10 long, thin asparagus spears

oil, for frying

½ medium onion, finely sliced

4 baby fennel bulbs, thinly sliced

120 g butternut, thinly sliced and cut into small pieces, with the skin on

Base

125 g flour

125 g salted butter, cut into cubes, plus extra for greasing

125 g mature Cheddar cheese, grated

Topping

4/5 C (200 ml) cream

4 eggs

a generous pinch of nutmeg

salt and pepper to taste

2 Tbsp (30 ml) finely grated pecorino cheese

125 g Camembert cheese

2 Medjool dates, cut into strips

Preheat the oven to 180 °C. Grease 4 loose-bottomed 12 cm tartlet pans.

Vegetable filling

Cut 2 asparagus spears into smaller pieces. In a pan, heat some oil and fry the onion, fennel, asparagus and butternut until the onion is golden brown.
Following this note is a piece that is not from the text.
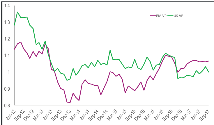
Data quoted represents past performance, which is no guarantee of future results.

Keep to one side to cool.

Base

Rub the butter cubes into the flour and add the grated Cheddar – the mixture will be crumbly. To form the base, carefully press this crumbly mixture onto the bottom and up the sides of the tartlet pans. Keep to one side while you prepare the topping.

Topping

Pour the cream into a jug and beat the eggs into the cream. Add the nutmeg, salt and pepper, as well as the pecorino and mix well.

To finish

Divide the vegetable mixture into 4 and place into the tart shells. Fill each tart halfway with the cream mixture. Place a slice of Camembert and 2 asparagus spears on each tart. Add a few slices of the dates and place into the preheated oven. Bake for 20–30 minutes or until golden brown.

Serve as a starter or as a meal with a side salad.